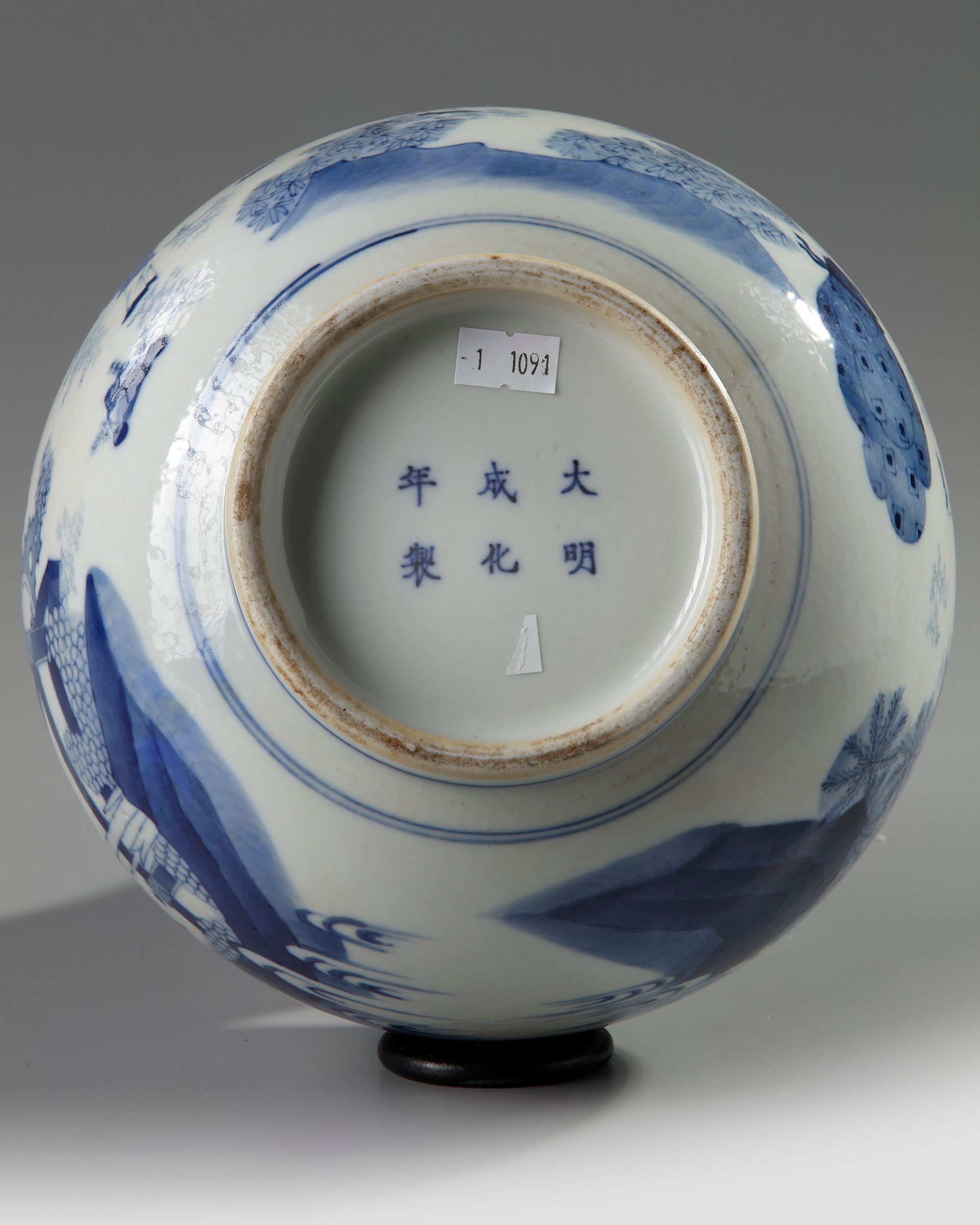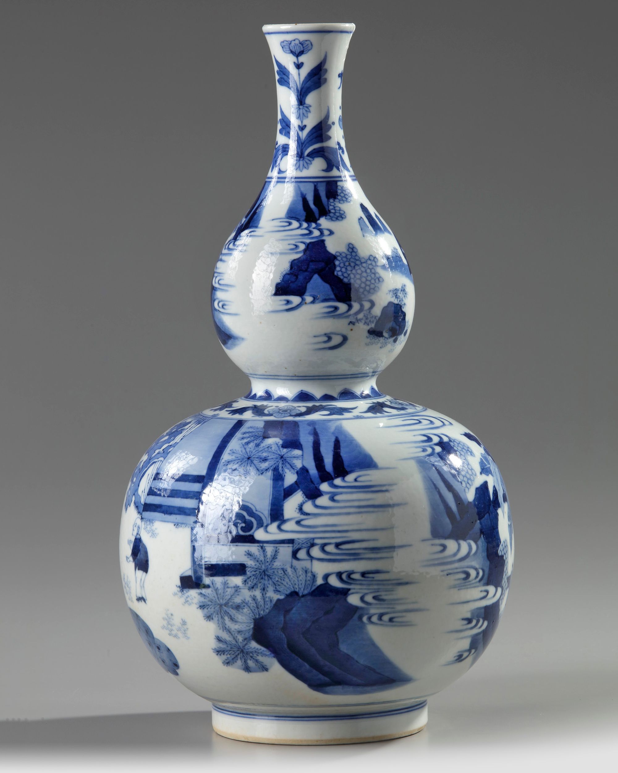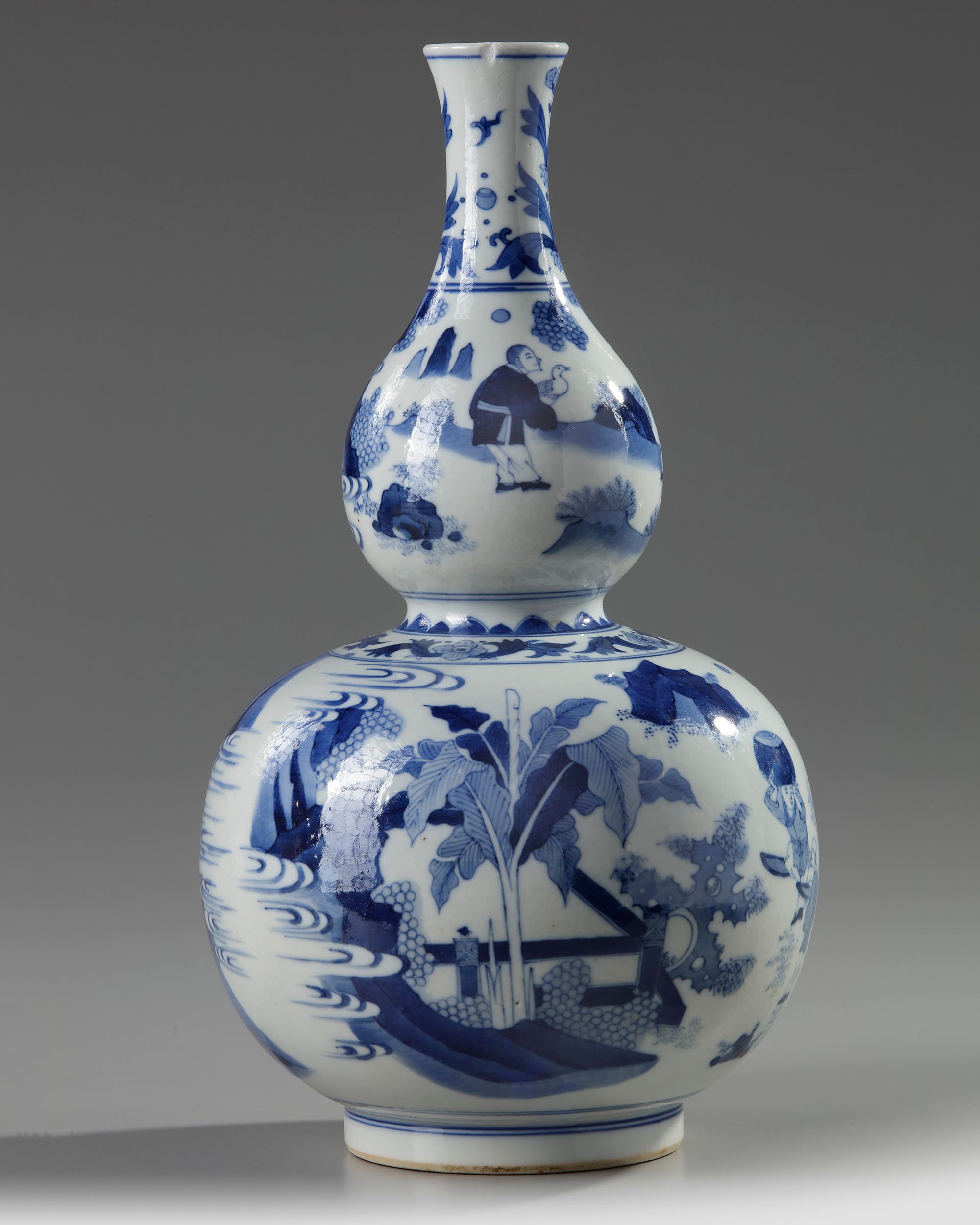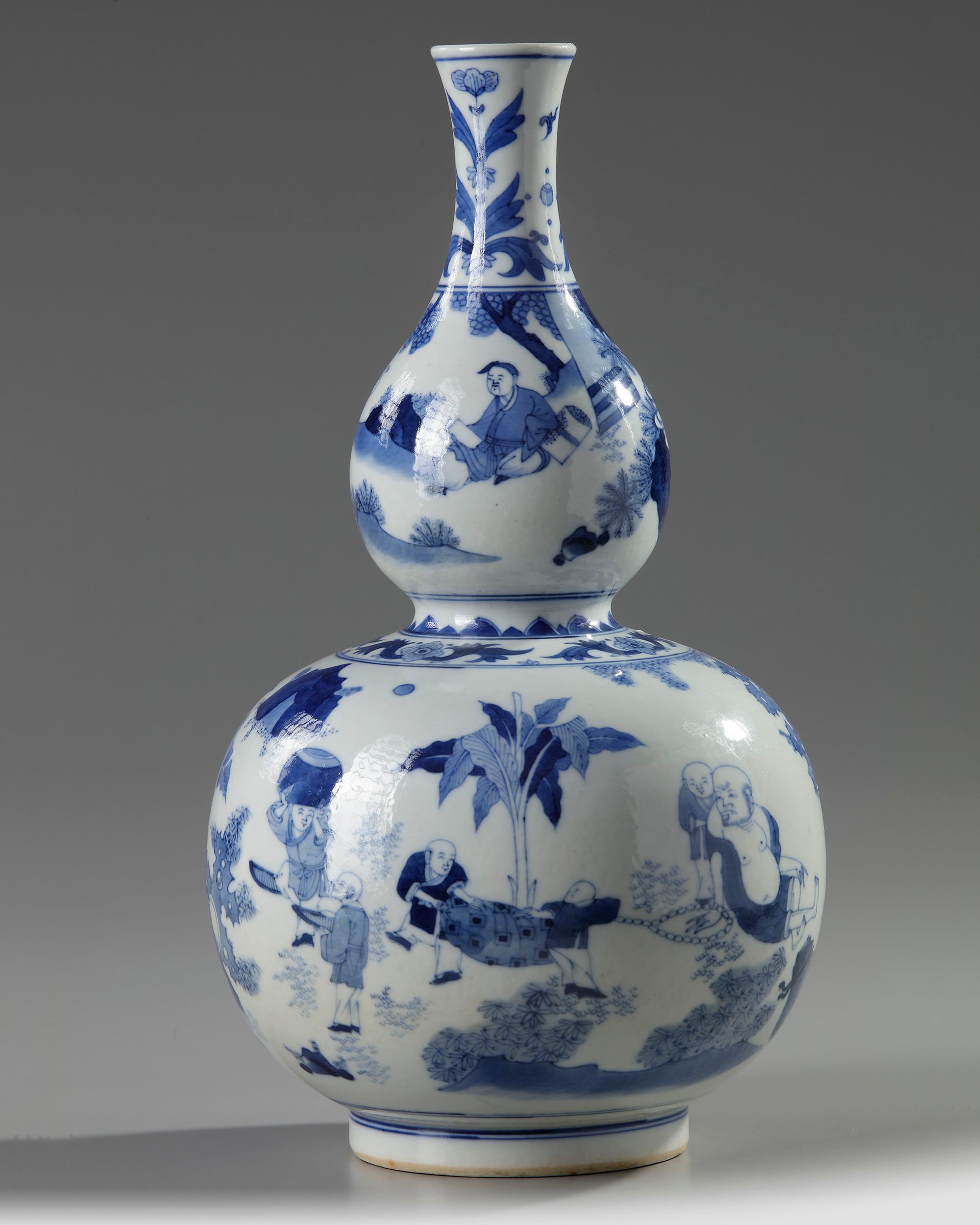 The lower globular section is decorated in blue with Budai and his attendants in garden amongst plantain. The upper section is decorated with a scholar and attendant holding a goose. The waisted neck is decorated with a tulip spray. The base with an apocryphal Chenghua mark.
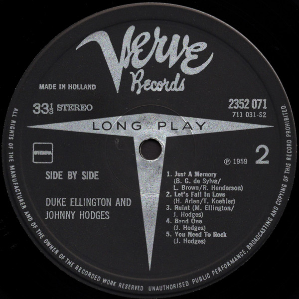 Duke Ellington And Johnny Hodges – Side By Side (LP, Album, RE)
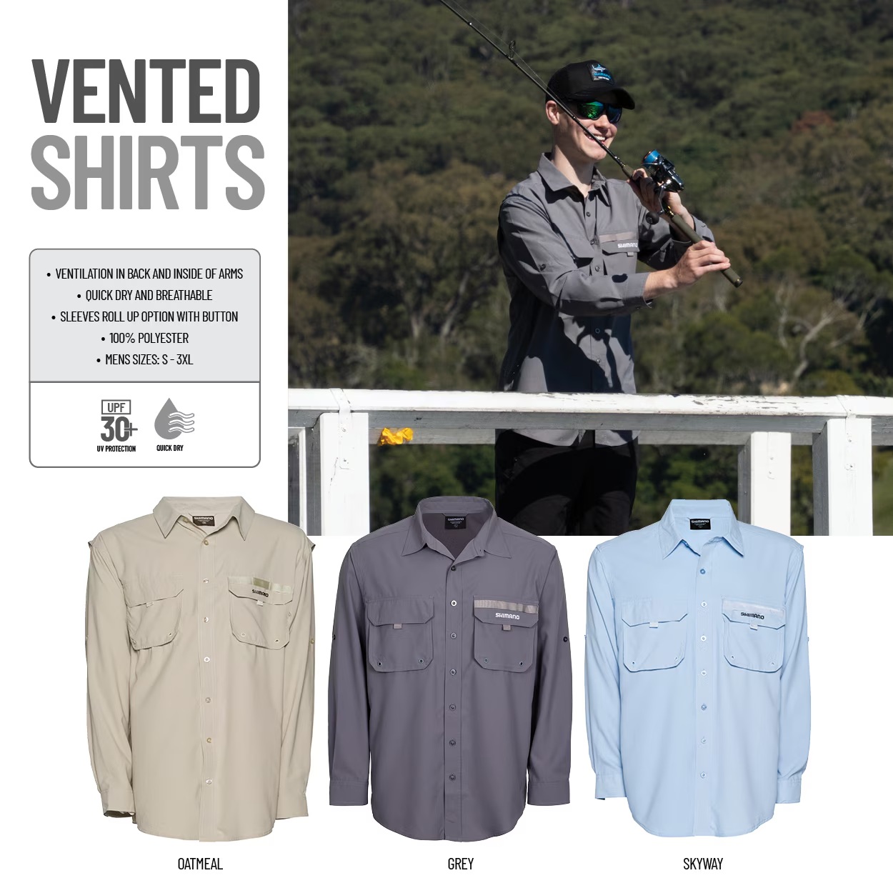 The legendary Shimano long sleeve vented shirt needs no introduction. Designed for fisherman who demands the best, this 100% polyester material is quick dry and stain resistant. Available in men's sizes from S to 3XL.

Work to be completed:
I need the lines from the line containing "Duke Ellington And" through the final line of the listing duplicated exactly, both ends included, with no pictures and nothing else.

Solution to this problem:
 Duke Ellington And Johnny Hodges – Side By Side (LP, Album, RE)
 The legendary Shimano long sleeve vented shirt needs no introduction. Designed for fisherman who demands the best, this 100% polyester material is quick dry and stain resistant. Available in men's sizes from S to 3XL.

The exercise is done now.